** TASK BRIEF **
There is material below. Print exactly the lines starting at the line with "(서울=연합뉴스) 박동주 기자" and ending at the line with "活动包括专题讲座、普法小课堂", ends included, and no others.

BEGIN DATA PROVIDED

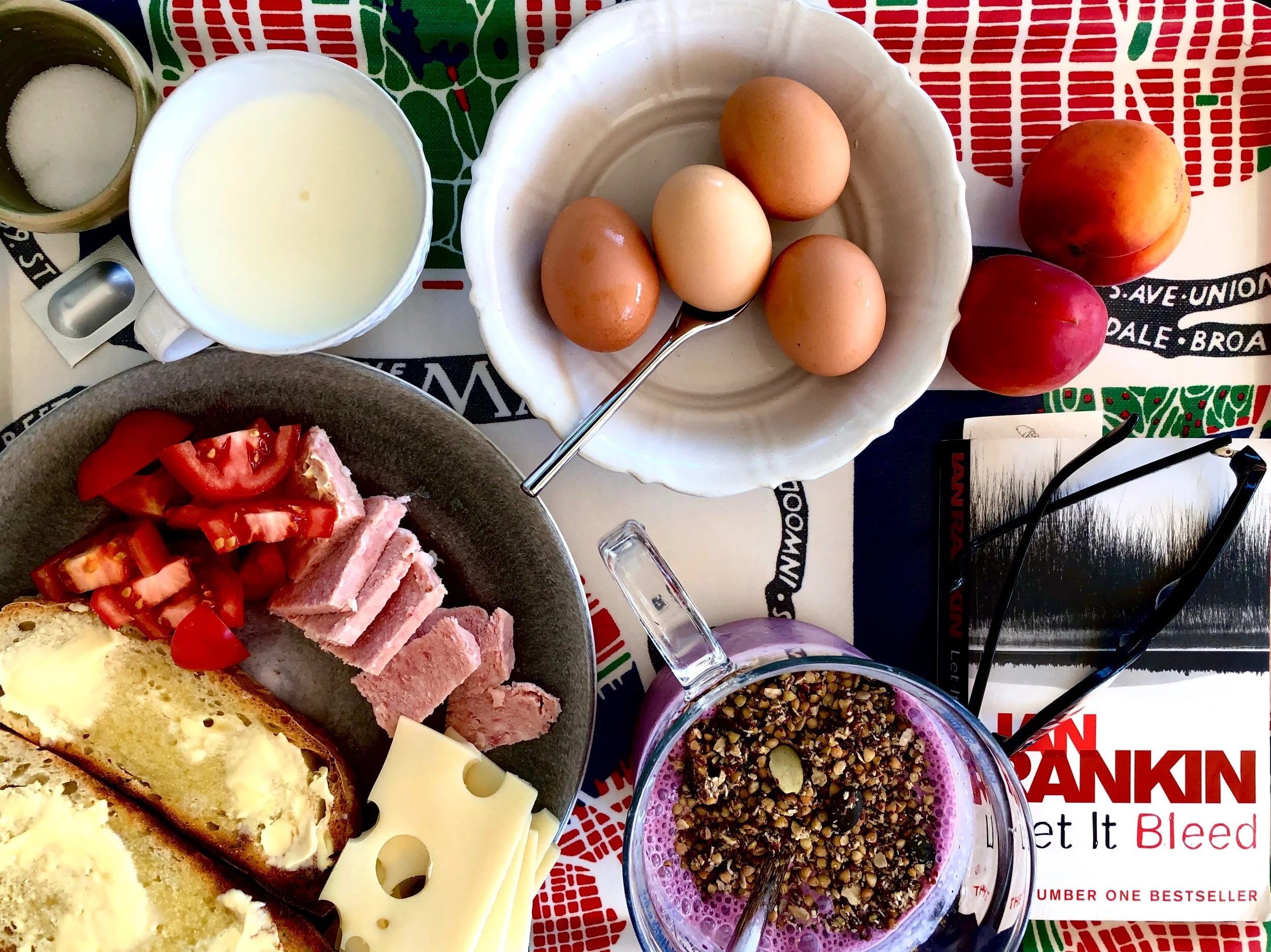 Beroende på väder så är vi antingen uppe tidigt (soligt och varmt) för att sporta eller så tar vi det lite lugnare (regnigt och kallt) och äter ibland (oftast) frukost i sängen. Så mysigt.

END DATA PROVIDED
BEGIN DATA PROVIDED

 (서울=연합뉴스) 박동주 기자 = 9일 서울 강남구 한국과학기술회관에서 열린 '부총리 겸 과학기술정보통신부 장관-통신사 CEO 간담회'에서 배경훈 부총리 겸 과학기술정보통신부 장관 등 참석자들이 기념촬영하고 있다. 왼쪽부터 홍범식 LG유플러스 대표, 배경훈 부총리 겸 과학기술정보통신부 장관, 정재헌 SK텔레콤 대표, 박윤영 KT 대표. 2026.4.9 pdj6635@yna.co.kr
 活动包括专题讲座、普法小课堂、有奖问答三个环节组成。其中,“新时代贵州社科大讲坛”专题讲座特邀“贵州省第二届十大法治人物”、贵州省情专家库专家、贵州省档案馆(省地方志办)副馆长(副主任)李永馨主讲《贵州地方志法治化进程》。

END DATA PROVIDED

** RESULT **
 (서울=연합뉴스) 박동주 기자 = 9일 서울 강남구 한국과학기술회관에서 열린 '부총리 겸 과학기술정보통신부 장관-통신사 CEO 간담회'에서 배경훈 부총리 겸 과학기술정보통신부 장관 등 참석자들이 기념촬영하고 있다. 왼쪽부터 홍범식 LG유플러스 대표, 배경훈 부총리 겸 과학기술정보통신부 장관, 정재헌 SK텔레콤 대표, 박윤영 KT 대표. 2026.4.9 pdj6635@yna.co.kr
 活动包括专题讲座、普法小课堂、有奖问答三个环节组成。其中,“新时代贵州社科大讲坛”专题讲座特邀“贵州省第二届十大法治人物”、贵州省情专家库专家、贵州省档案馆(省地方志办)副馆长(副主任)李永馨主讲《贵州地方志法治化进程》。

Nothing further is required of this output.